Goldbricking: Keep the Dream Alive
I've decided to change The Malingerer's blog codename (real name: Rick Wilson) to The Goldbricker. It sounds better both on its own merits and by sort of referencing Goldfinger (the Bond villain, not the band). Anyway, the Goldbricker hasn't been to work since the Friday before Labor Day, September 2. He's pretending that his back hurts, but we spent all day yesterday working on the sliding door to the downstairs half-bath. And he's been customizing some cardboard boxes for his massive VHS tape collection, sitting on the family room floor and leaning over and squatting and all the sorts of things a person with a bad back can't do.

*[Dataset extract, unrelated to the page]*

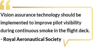 11.2.6 In the event that the other controls and mitigations listed above have not been effective, the crew may experience smoke in the flight deck that reduces visibility (protective breathing equipment is already required but does not necessarily provide visibility). There are means to displace smoke physically in order to make the flight critical instruments and electronic systems visible in the event of significant loss of visibility in the flight deck. To be most effective, a manufacturer should align any vision augmentation system with the capability and duration of the protective breathing system.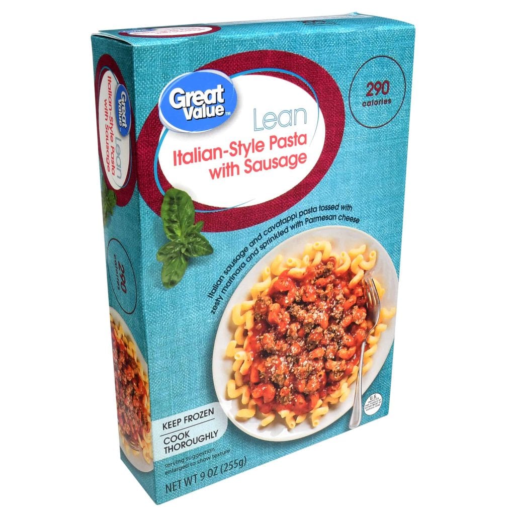 If you’re looking for a microwavable lunch option, the Great Value Lean line could be a solution—but you do need to read the labels. This pasta dish was one of the safest options we found in our frozen aisle—290 calories, 470 mg of sodium, and around 20 percent of your daily recommended intake of carbs.

I'm just about the laziest person I know; so, I don't know why his goldbricking so offends me. But the fact remains that it does. I have a plan to acquire some of that ever so satisfying retribution and have already set it in motion.
The Visual Cacophony
Ninety percent fo tghe work of redecoration my bedroom has been accomplished. All I'm waiting on now is for two posters to finish flattening. Have I mentioned that I've stored all my posters and sundriy decorations in tubes? I forget. In any event, I have. For two years, my lovely posters sat between two sheets of cardboard, a great place to put them if you intend to hang them back up quickly, but a crummy method of long-term storage. So, now I've taken all my pretties, rolled them up, and placed them in stout, clearly labeled tubes. So, whenever I get out of here, it will be that much easier to take the visual cacophony with me and unleash it on my next domicile.
I Don't Trust Clark Kent
During the Goldbricker's goldbricking, I have returned home each afternoon to find the family room TV set to Fox News. And even though the Goldbricker is usually upstairs, the TV is still one and the volume is cranked up. Being local-news-writ-large, Fox News is airing wall-to-wall hurricane coverage. This is hardly surprising given the lemminglike nature of American "journalism." What is surprising is that I am noticing less and less difference between what I hear on NPR on my drive home and what I see on Fox when I walk in the front door. Sure, they approach Katrina's aftermath from opposite ends of the political spectrum, but aside from that each talks about the hurricane to the near-exclusion fo all else, repeating the same vapid comments and analyses ad nauseum. And a single tear runs down my cheek.